Parameter	Training Set			Test Set
	Simulator	Experiment	Error, %	Simulator	Experiment	Error, %
Volume oil fraction	6.5 (%)	6.3 (%)	3.3	5.9 (%)	6.2 (%)	4.8
Volume gas fraction	93.5 (%)	93.7 (%)	0.2	94.1 (%)	93.8 (%)	0.3
Mass oil flow rate	0.87 (kg/s)	0.91 (kg/s)	4.4	0.85 (kg/s)	0.82 (kg/s)	3.5
Mass gas flow rate	20.12 (kg/s)	19.67 (kg/s)	2.23	19.12 (kg/s)	19.93 (kg/s)	4.0

) comparing the target values on the training and test sets is shown below.

4. Discussion

By using the example of modeling a part of an oil-gathering network, which includes a number of sensors and measurement systems, this paper presented the concept of a virtual measurement system based on a hydrodynamic simulator and a deterministic model of the measurement system. The concept was tested on real experimental data and applied in real time. Acceptable accuracy of predictions of gas and oil discharge rates was obtained. Differences in calculated parameters are related to the difference in viscosity models [9,11].

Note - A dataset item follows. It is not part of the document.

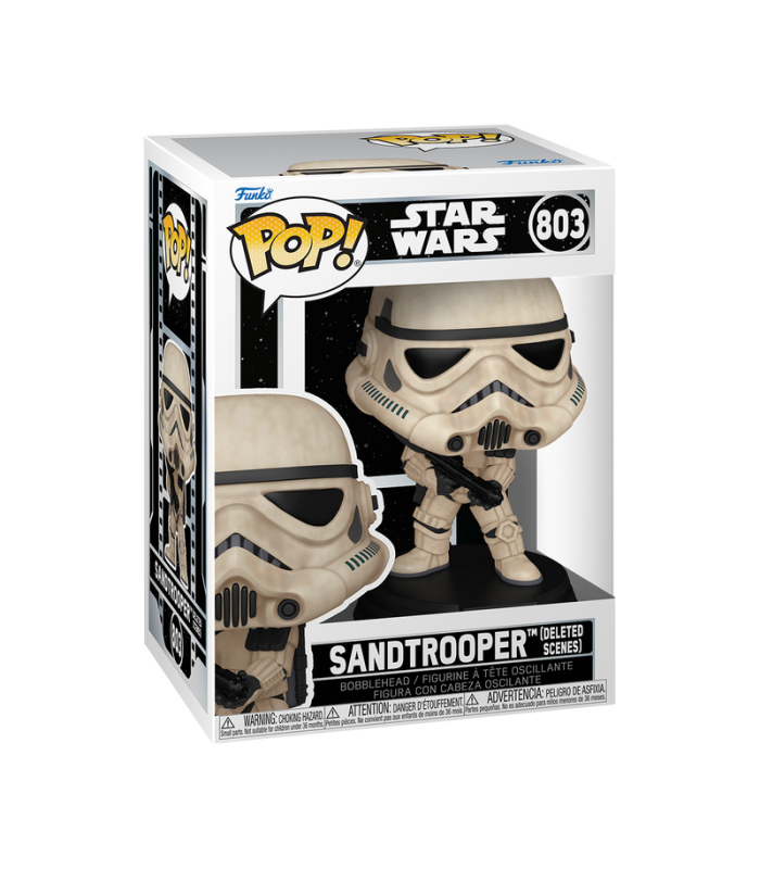 Con su posado dinámico y su acabado detallado, el Pop! Sandtrooper (Deleted Scenes) conmemora el cuidado y la creatividad que dieron forma a una de las sagas más emblemáticas del cine. La frase "Check that one." está directamente vinculada a la escena que inspiró esta figura, aportando un toque narrativo y distintivo.

It was found, based on the analysis, that the relations used to calculate friction of the multiphase flow with the borehole walls are one of the main sources of uncertainty. An exhaustive search of the typical friction models (in addition to the Beggs and Brill model used in the calculations) with the remaining parameters fixed showed a spread of the mass flow rate values most likely related to the use of the models outside the scope of their application. The effect of the pipe wall roughness and the gas compressibility parameter on the flow rate—due to its significant volume fraction of more than 89%—was also shown. Thus, it is necessary to measure the properties of the multiphase mixture and to know the process and design features of the well, as well as to understand the ranges within which the measured parameters might vary in order to use the developed methods in real situations to improve the prediction accuracy.

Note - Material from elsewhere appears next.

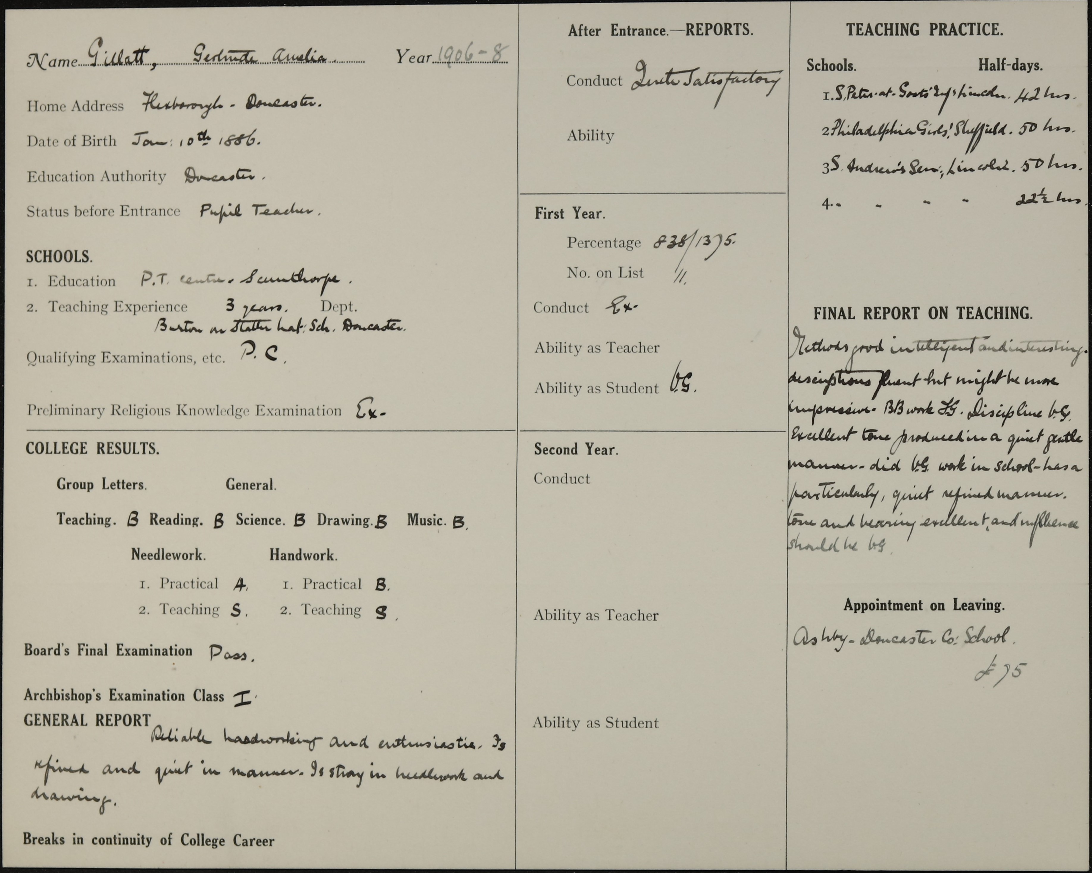 Appointed to Ashby Council School, Doncaster. £75.

Further development of the methods will allow for fundamentally new opportunities to improve the measurement systems created on the principle of multiple run metering systems to appear, whose virtualization multiplies the density and reliability of data, to practically implement the principles described in the above-mentioned patents, and to significantly improve the quality of the information base for further development of the smart field technologies.

5. Results and Conclusions

The results of the operation of the previous proprietary unsteady influx simulator were compared with the results of the PIPESIM simulator based on actual data. The comparison showed a satisfactory fit for a number of target parameters, such as pressure, mass flow rate, and temperature.

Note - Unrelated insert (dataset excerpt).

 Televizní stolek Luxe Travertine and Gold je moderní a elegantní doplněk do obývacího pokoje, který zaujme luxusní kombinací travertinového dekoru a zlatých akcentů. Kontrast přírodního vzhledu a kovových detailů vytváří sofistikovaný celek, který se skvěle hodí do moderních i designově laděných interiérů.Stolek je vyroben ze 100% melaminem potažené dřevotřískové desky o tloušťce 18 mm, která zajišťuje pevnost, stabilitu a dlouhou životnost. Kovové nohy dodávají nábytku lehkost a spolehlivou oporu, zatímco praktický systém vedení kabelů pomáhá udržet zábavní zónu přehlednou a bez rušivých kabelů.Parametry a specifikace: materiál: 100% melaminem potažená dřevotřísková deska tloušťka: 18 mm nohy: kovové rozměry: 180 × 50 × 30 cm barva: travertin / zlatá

An algorithm for the automatic adaptation of the model to actual data was developed and tested. The selected algorithm architecture allows quick fine-tuning and retraining neural networks to adjust to certain data types: GOR and WOR parameters of a well, typical flow rates, borehole geometry, etc.

Assessment of the quality of adjustment showed that it is possible to achieve the required level of reliability subject to a sufficient amount of data available in the training set. However, further research using actual data is needed to determine the limits of the applicability of this algorithm.